On March 28, the Government approved the report on the execution of the Law of Ukraine “On the State Budget for 2017” presented by Minister of Finance Oleksandr Danyliuk.
As the Minister of Finance pointed out, it is for the first time in many years that the budget for 2017 was prepared and adopted on time and within all timelines set by the law. That made it possible to have a proper discussion with the member of the Government and Parliament as well as with the other stakeholders of the budget process.
This discussion process was much more transparent, since all parties had enough time to study the draft budget thoroughly and to make their proposals.
The state budget for 2017 covered all key reforms in the country and ensured the effective use of public funds. In 2017, the Government pursued a well-balanced spending policy to finance the priority needs of the country including:
Defense and security;
Re-payment of debts;
Increasing social welfare standards;
Preferences and subsidies to citizens related to the increased housing utility tariffs etc.
Also, the state budget for 2017 supported the increase of salaries, the pension reform and the increase of pensions, repair of the road network, increase of the salaries for teachers as well as covered the purchase of medicines in the requested amount for the first time.
The deficit of the state budget in 2017 was kept within the limits agreed with the IMF and set by law.

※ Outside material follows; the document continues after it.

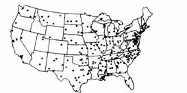 下图是美国本土某种工业生产厂的分布图,读图并结合所学地理原理回答31~32题。
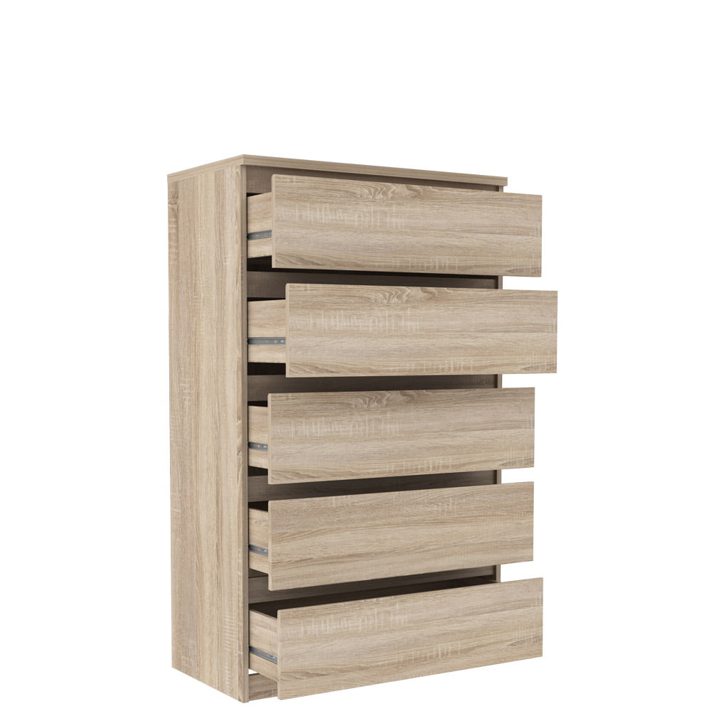 Wysoka, pionowa komoda z szufladami zapewnia idealne miejsce na wszystkie najpotrzebniejsze przedmioty znajdujące się w zasięgu ręki. Klasyczna bryła sprawdzi się w każdym pomieszczeniu domu i mieszkania. Mebel ten można połączyć z pozostałymi artykułami z tej kolekcji.

The actual deficit of the state budget in 2017 was equal to UAH 47.9 bn, which is 1.6% of the GDP compared to the limit of 2.7% of the GDP.
For the first time since 2011, the correlation between the state debt and government-backed debt and the GDP went down compared to the previous year – from 81% in the end of 2016 to almost 72% in the end of 2017. It means that this correlation is getting close to the “safe” 60% correlation between the state and government-backed debt and the GDP. The key factor contributing to this development is the low budget deficit resulting in a lower demand for loans.
Such results were achieved due to the new approaches implemented in the budget planning. They include clear mid-term targeting and budget regulations including the deficit of the state budget.
The positive changes in the correlation between the said debts and the GDP also result from the new approaches in public debt management including active operations with the public debt implemented by the Ministry of Finance which are aimed to reduce the share of debts nominated in hard currency and to make the schedule of debt payments more stable.
The key results of the state budget in 2017 are as follows:
State budget deficit – lower than 2% of the GDP;
Security and defense spending – 4.8% of the GDP;
Significant increase of the minimum wage, living wage and other social welfare transfers;
Implementation of the pension reform and review of pensions;
Support for citizens due to the increased gas and heating tariffs;
Resumption of public capital investments.
In general, the tax and budget policy of the Government in 2017 ensured a timely reaction to new challenges, helped re-gain financial stability, ensured funding for defense and social welfare as well as enabled important steps in the tax reform and budgetary decentralization.